Massaging the facts

Almost one in four Australians get a massage every year and what’s not to like? It feels good, does good and every professional sports team’s locker room plays host to a masseuse table. Despite these accolades there is still concern about whether or not it’s cack handed for your physique. A Queen’s University research team even found that post exercise massage does nothing to improve circulation to muscles. Nor does it help remove lactic acid and other waste products.
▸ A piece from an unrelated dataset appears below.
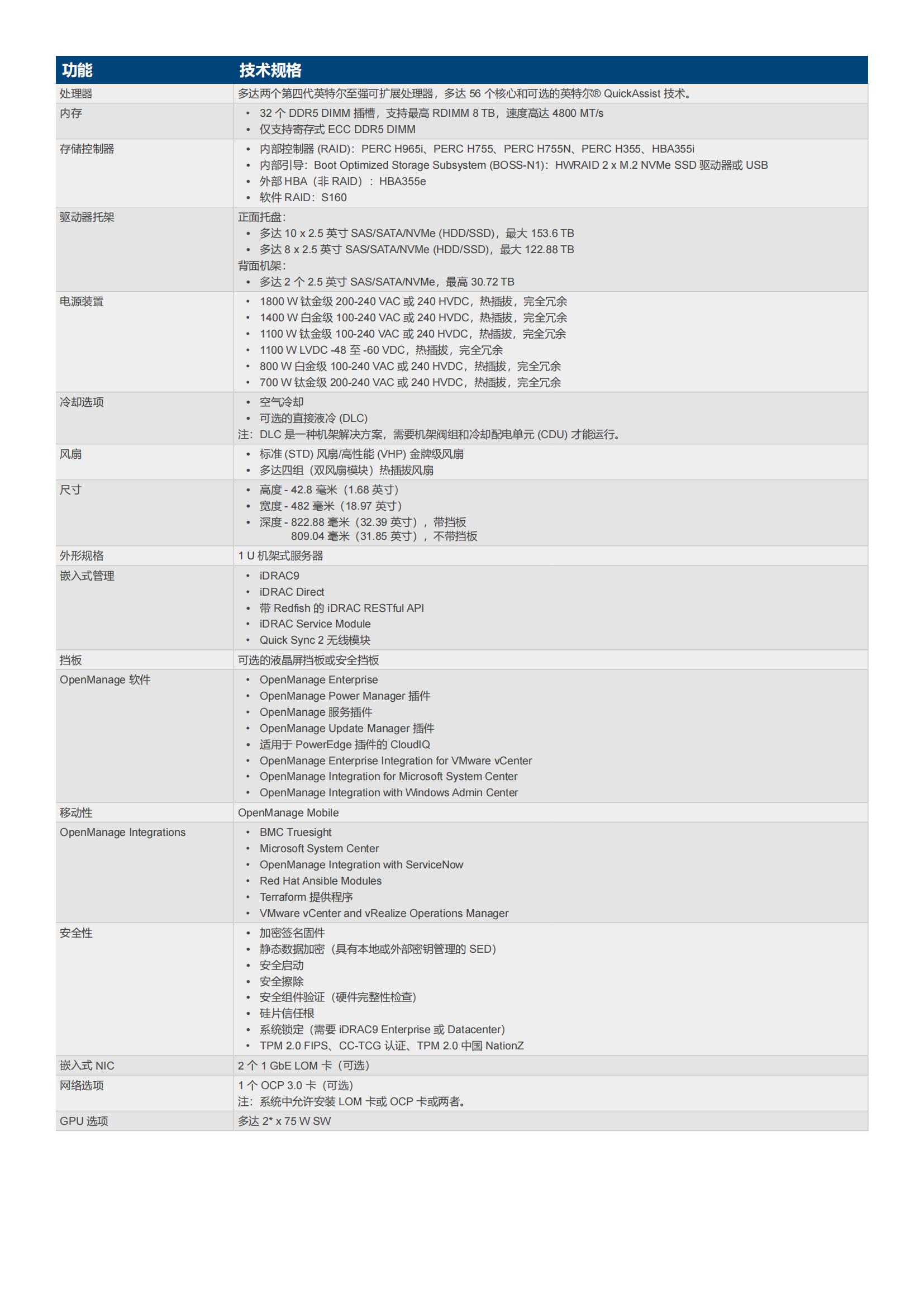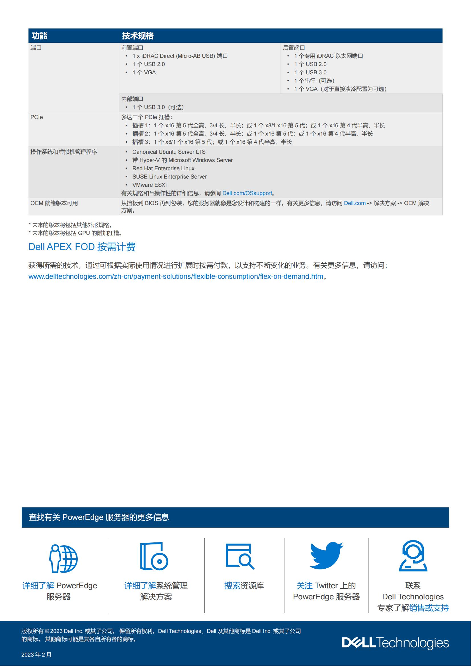 • 存储选项包括多达 8 个 2.5" NVMe/SAS4/SATA,以及多达 10 个 2.5" NVMe/SAS4/SATA、14/16 个 NVME E3.S第 5 代*。
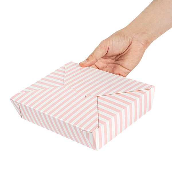 49 OZ PINK AND WHITE STRIPE PAPER #2 BIO BOX TAKE OUT CONTAINER

This is however a single study, which is unlikely to stop sportsmen getting their muscles polished, especially those wearing squat-ravaged legs. So if training is your yang then massage should be a useful part of your recovery yin. Its healing properties aren’t the only selling point. It can help your sports performance have a happy beginning.

Massage your warm-up

Athletes claim it calms nerves before big games, yet this could be all in the mind. Yes, it does unwind you, but no more than relaxing in a room with soft soothing music, found research in the journal Depression and Anxiety. Fortunately, relaxation isn’t actually the goal of most pre-event rubs. Pre-sport massage involves quick jolting movements, just like you see boxer’s get in their corners. It wakes up muscles and loosens everything so you can perform at your peak. What’s more, it even has benefits when done during exercise. Massage is proven to be better than rest at helping athletes return to a normal state, creating faster relief from fatigue, found research in the journal Modern Rehabilitation.

Flexibility appeal

If you’re feeling tight you can grease the cogs with massage oil. Research in the British Journal of Sports Medicinfound athletes who had a rub down on their hamstrings – a notoriously inflexible muscle – instantly increased its’ flexibility by up to 5 degrees. Suppleness is must-have attribute for all competitive athletes and every bloke older than 30 years old. Exercise results in muscles becoming massively fatigued and sometimes lacking the nutrition needed to repair, making them stiff. Block booking a weekly appointment is good for your body, soul and long-term progress.

Timing is everything

Avoid massaging swollen or inflamed areas that radiate heat. These are signs the area is still repairing and massage can actually hinder rather than help healing. Once pain and swelling has gone (usually 2-3 days) then you can wear the little white towel. Research at McMaster University found just 10 minutes of massage is enough to reduce inflammation. But when you do it also important. If you aren’t injured the best time for bodywork is at the end of the day after all exercise, to promote recovery.